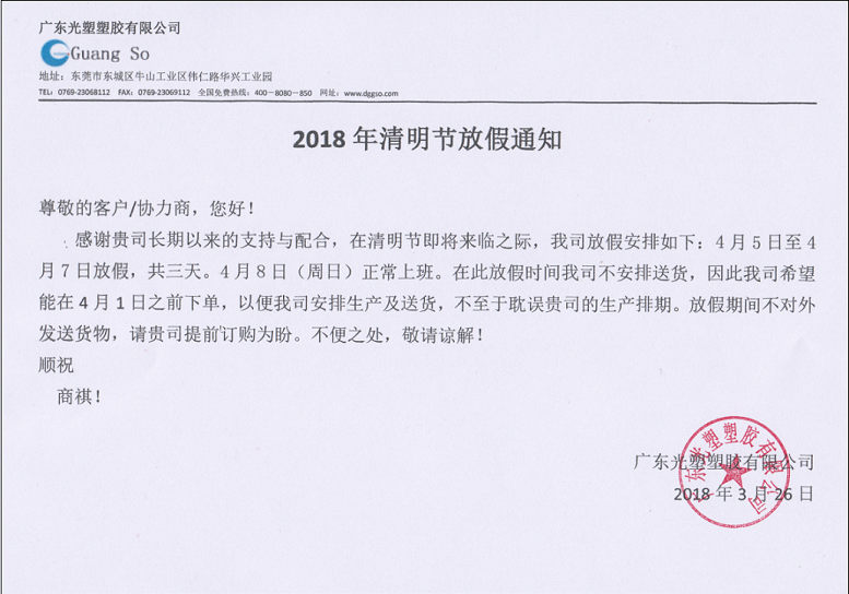 感謝貴司長期以來的支持與配合,在清明節(jié)即將來臨之際,我司放假安排如下:4月5日至4月7日放假,共三天。4月8日(周日)正常上班。在此放假時(shí)間我司不安排送貨,因此我司希望能在4月1日之前下單,以便我司安排生產(chǎn)及送貨,不至于耽誤貴司的生產(chǎn)排期。放假期間不對外發(fā)送貨物,請貴司提前訂購為盼。不便之處,敬請諒解!
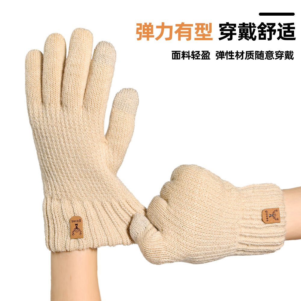 手套男冬季骑行电动车保暖户外防风防寒加绒加厚触屏开车针织毛线
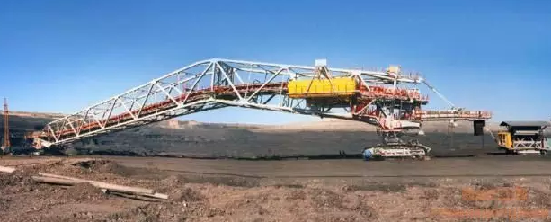 排土能力達(dá)到34000噸/小時(shí),臂長超過120米。皮帶排土機(jī)為移動(dòng)式連續(xù)工作的排料設(shè)備,它們將來自可移動(dòng)梯段皮帶運(yùn)輸機(jī)的物料排卸在料堆上,借助皮帶轉(zhuǎn)載車和皮帶滑行轉(zhuǎn)載車將物料輸送到排土機(jī)。排土機(jī)有能力堆高低地、作為行駛路面的平盤,以便隨后用做新采區(qū)的卸料、堆高。除此之外,還可以使用一部皮帶排土機(jī)為可移動(dòng)梯段皮帶運(yùn)輸機(jī)堆起一個(gè)高平面。說白了,它就是一個(gè)堆土的設(shè)備嘍~
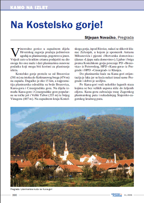 članak Stjepana Novačko, Hrvatski planinar broj 11/2006.
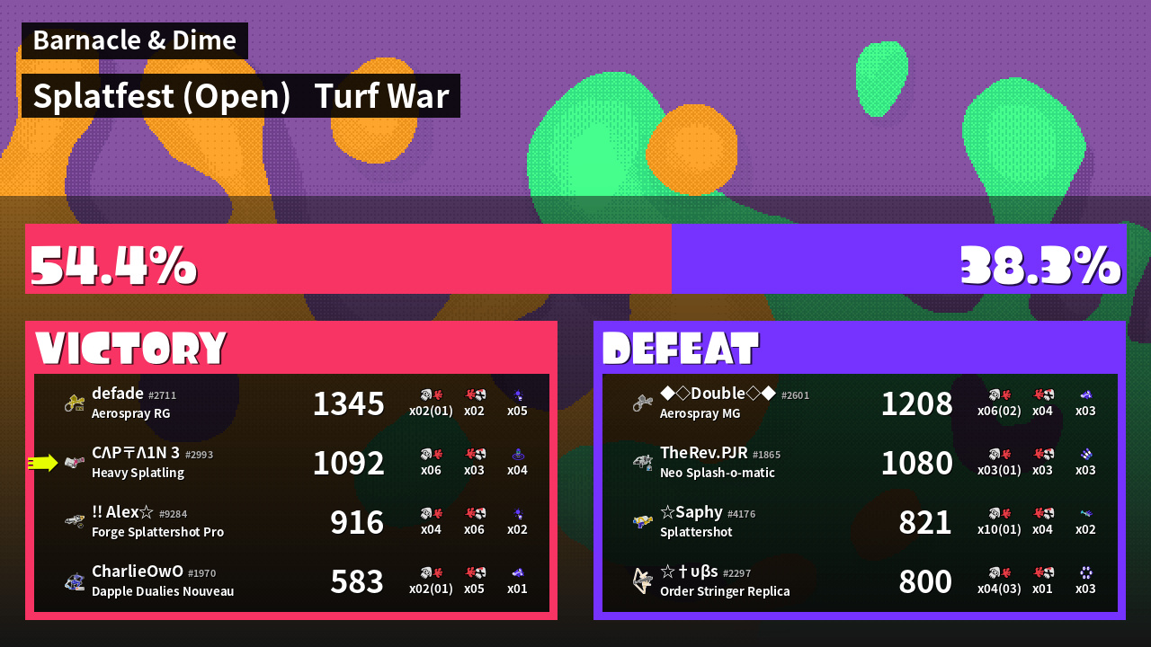| Medals | #1 Overall Splatter #1 Enemy Splatter #1 Damage Taker | ||
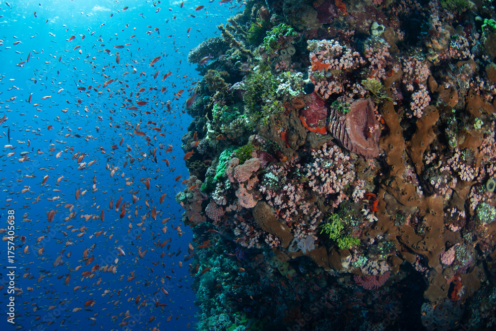 Planktivorous reef fish flourish along the edge of a beautiful coral reef in Alor, Indonesia. This scenic part of the Lesser Sunda Islands harbors extraordinary marine biodiversity. #1757405638
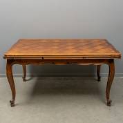 Geparquetteerde kersenhouten tafel met uitschuifbaar gecontourneerd blad, Frankrijk, 20e eeuw -lichte gebruikssporen-, ingeschoven formaat 78 × 150 × 100 cm
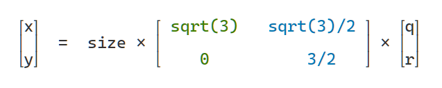var x = size * (sqrt(3) * hex.q + sqrt(3)/2 * hex.r)
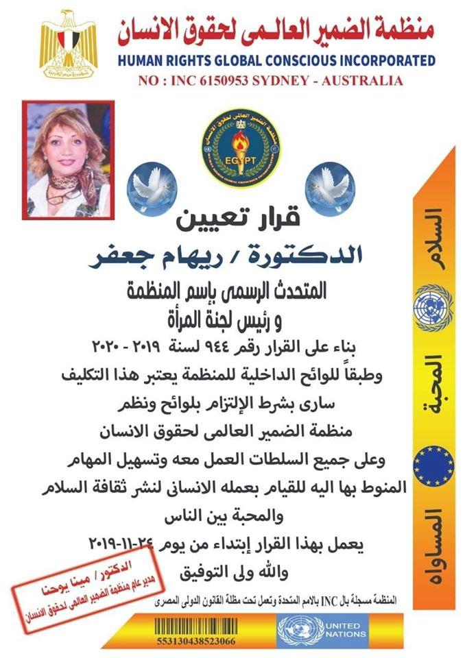 بناءا علي قرار الدكتور مينا يوحنا يوسف مدير عام منظمة الضمير العالمي لحقوق وبناءا علي القرار رقم ٩٤٤ لسنة ٢٠١٩--٢٠٢٠ وطبقا للوائح الداخلية للمنظمة تكليف الدكتورة. ريهام جعفر المتحدث الرسمي باسم المنظمة ورئيس لجنة المرأة يعتبر هذا التكليف ساري بشرط الالتزام بلوائح ونظم منظمة الضمير العالمي لحقوق الإنسان وعلي السلطات العمل معها وتسهيل المهام المنوط بها إليها لقيامها بعملها الانساني لنشر ثقافة السلام والمحبة بين الناس
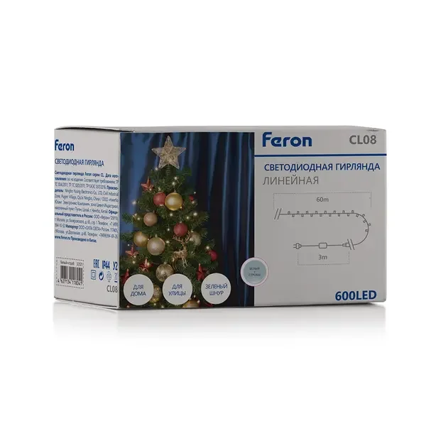 Гирлянда линейная 230V 600 LED 60м, 5000K, с эффектом стробов, IP 44, шнур 3м , CL08
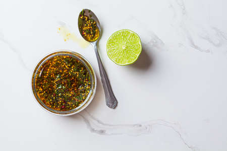 Mustard, olive oil and dill salad dressing in a glass jar, top view. Cooking healthy food concept.
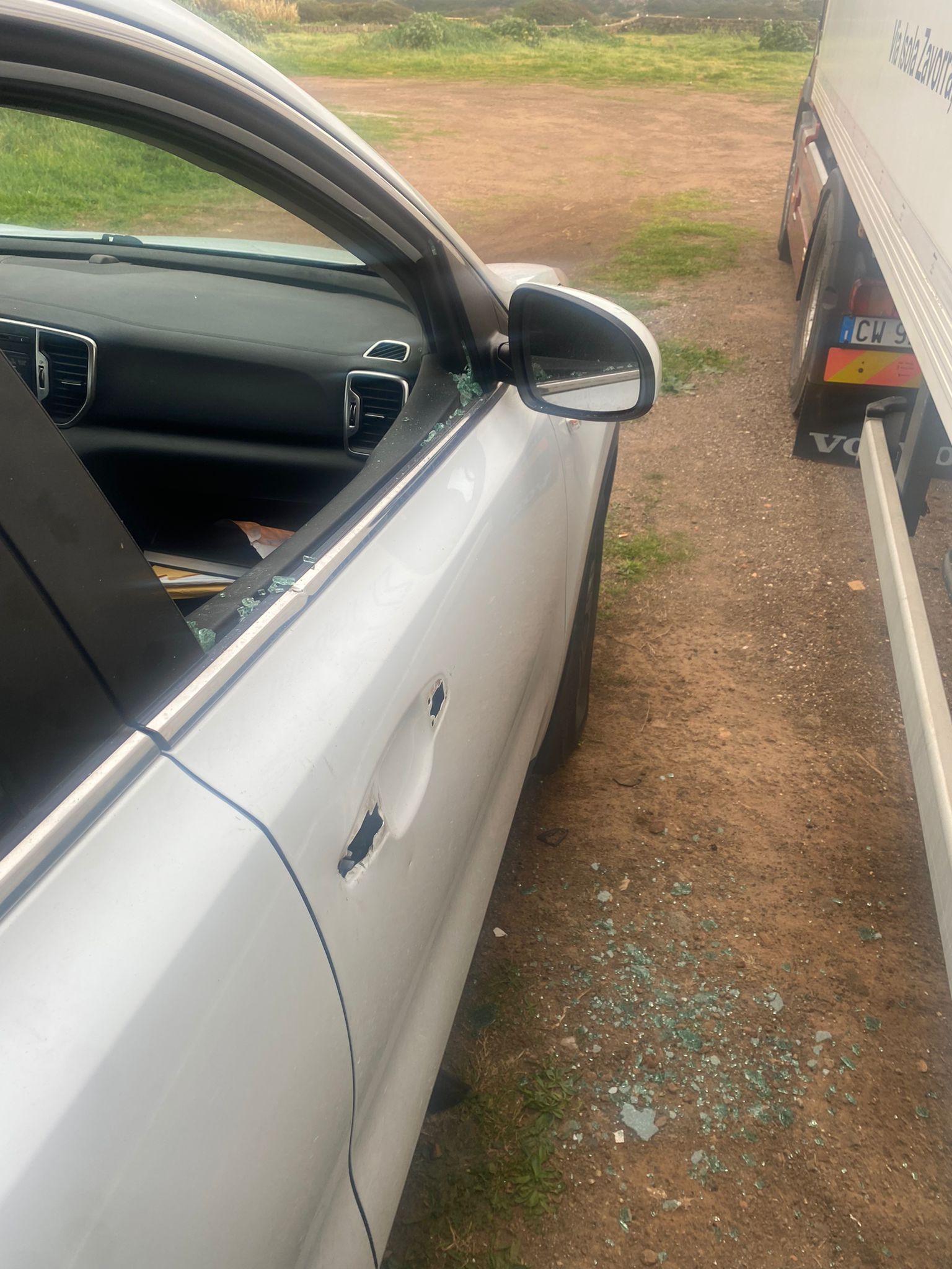 Il malfattore avrebbe usato una vecchia pompa idraulica e si è scagliato contro il mezzo distruggendo il finestrino.

··········

■ What you should do
The lines from the one containing "Mustard, olive oil" through the last line of the data above are to be transcribed exactly, both included, with all pictures left out.

■ Exercise solution
 Mustard, olive oil and dill salad dressing in a glass jar, top view. Cooking healthy food concept.
 Il malfattore avrebbe usato una vecchia pompa idraulica e si è scagliato contro il mezzo distruggendo il finestrino.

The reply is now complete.